Petria's design has been compared to that of the Southwestern United States. Jade King of TheGamer compared the game's fictional 1986 Petria disaster to real-world events such as the Columbine High School massacre and the September 11 attacks, noting that within the story the incident serves as a defining moment that changes Petria's political climate and fuels media-driven hostility toward groups associated with the perpetrators. King also argued that the game depicts some of Petria's citizens as ideologically entrenched due to propaganda, presenting them as largely resistant to persuasion and highlighting that persistent political divide is inevitable, no matter what progress is made, both within Petria and real life.

==Prequel and sequel==

In January 2023, it was announced that a prequel to Road 96 – entitled Road 96: Mile 0 – would be released on April 4. Set in White Sands, the sole luxurious area of Petria, the player switches control between Kaito (who originally appeared in DigixArt's first game, Lost in Harmony) and Zoe (returning from Road 96), who come from different backgrounds and form a friendship in the lead-up to the events of Road 96. Mile 0 is an adventure game with musical elements.
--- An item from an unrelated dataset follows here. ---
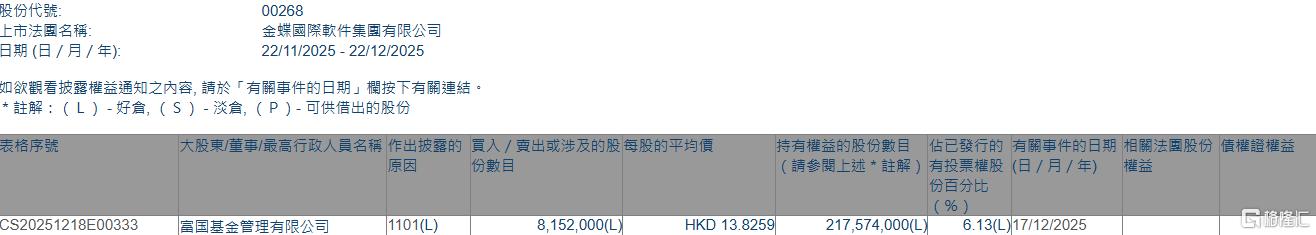 格隆汇12月22日丨根据联交所最新权益披露资料显示,2025年12月17日,金蝶国际(00268.HK)获富国基金管理有限公司在场内以每股均价13.8259港元增持815.2万股,涉资约1.13亿港元。
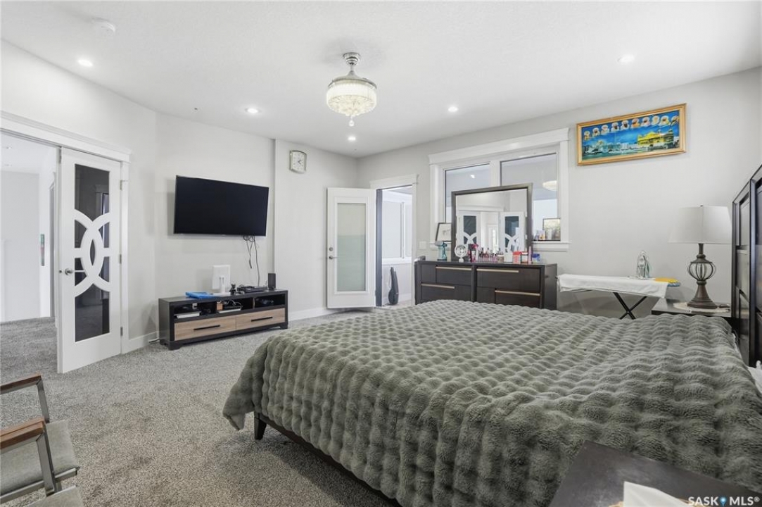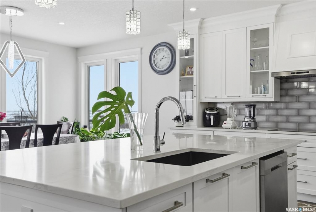 This luxury two-storey walkout home backs the protected Northeast Swale, offering rare, unobstructed prairie views that will never be compromised. Home to native grasslands, rare plant species, and wildlife, the Swale provides a peaceful setting and a natural filter for air and water, creating an exceptional backdrop for refined living. From the moment you enter, a grand open-to-below foyer with soaring ceilings and a stunning chandelier sets the tone for the refined design throughout. The main floor offers expansive, light-filled living spaces, with the living room featuring a Napoleon natural gas fireplace finished with stone as an elegant focal point. The kitchen is designed for everyday living and entertaining, showcasing an extra-large island, quartz countertops, detailed backsplashes, ceiling-height cabinetry, and premium stainless steel appliances. A highly functional butler and spice kitchen includes stainless steel appliances, a sink, ample counter space, and additional storage. A mudroom and laundry room with sink and quartz countertops offers direct garage access, complemented by a convenient 2- piece bathroom. The heated double garage and oversized driveway provide parking for up to six vehicles. The main-floor deck spans the family room and offers approximately 160 square feet of outdoor living space with a natural gas BBQ hookup and uninterrupted Swale views. Upstairs, the primary retreat features a 5-piece ensuite with jacuzzi and a private sunroom, while two additional bedrooms each include 4-piece ensuite bathrooms and large closets. The walkout basement opens to a backyard patio and includes a family room with electric fireplace, games area, wet bar with beverage fridge, a 4-piece bathroom, and two additional bedrooms, one with a 3-piece ensuite and walk-in closet, offering flexibility for guests, extended family, or future home office use. A rare opportunity to own a luxury walkout residence backing a natural reserve.

Like its predecessor, Mile 0 was developed by DigixArt and released on the Nintendo Switch, PlayStation 4, PlayStation 5, Windows PC, Xbox One, and Xbox Series X. It was published by Ravenscourt and released on April 4, 2023.

In August 2026, a direct sequel to Road 96 was first teased during THQ Nordic Digital Showcase 2026. Like the previous titles, it was developed by DigixArt, though published by THQ Nordic.